Outside groups are helping Kelly’s side avoid getting infinitely outspent ahead of the April 4 general election: The Wisconsin Manufacturers and Commerce has deployed $3.4 million so far, while Fair Courts America has spent another $2.3 million on television. These commercials have accused Protasiewicz of not issuing harsh enough sentences, though they haven’t mentioned Kelly.

But not only is Protasiewicz decisively outspending both those organizations, Epstein writes that she’s run more than three times as many TV ads because as a candidate, she’s entitled to far cheaper rates than PACs. Note that this 3-1 figure does not even factor in the $2.03 million that A Better Wisconsin Together and other progressive groups have spent.

Kelly, unsurprisingly, played down his deficit Sunday when he predicted to supporters, “I’m told the cavalry is on the way. And so hopefully, they’ll have some good and smart and true ads.” So far, though, his allies aren’t saying anything about their plans for the remaining three weeks of the race, while it remains to be seen if another conservative group arrives to help him out. Kelly himself also said that he believed he’d raise somewhere between $2 million and $2.5 million, which is less than a third of what Protasiewicz has already spent, while spokesperson Ben Voelkel also said the campaign was filming its very first spot Tuesday.

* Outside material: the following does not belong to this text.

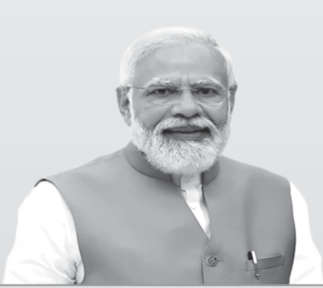
श्री. नरेंद्र मोदी मा. प्रधानमंत्री

For now, though, he doesn’t have anyone to help defend him from a pair of new Protasiewicz ads arguing he’s both an extremist and corrupt. One commercial attacks Kelly over his 2013 blog post comparing Social Security to slavery and writing that people on Social Security have “chosen to retire without sufficient assets to support themselves.” Protasiewicz’s other spot once again accuses the former justice of ruling in favor of plaintiffs he had ties to.

An angry Kelly responded by accusing Protasiewicz of lying about him, though his team didn’t seem especially concerned that he was failing to get his own narrative on TV. “They are spending millions of dollars for an election that’s not going to have a big turnout,” Voelkel said of Protasiewicz before adding, “We’ve taken a slightly different approach.” Voelkel did not reveal what that “slightly different,” though unquestionably significantly cheaper, approach is.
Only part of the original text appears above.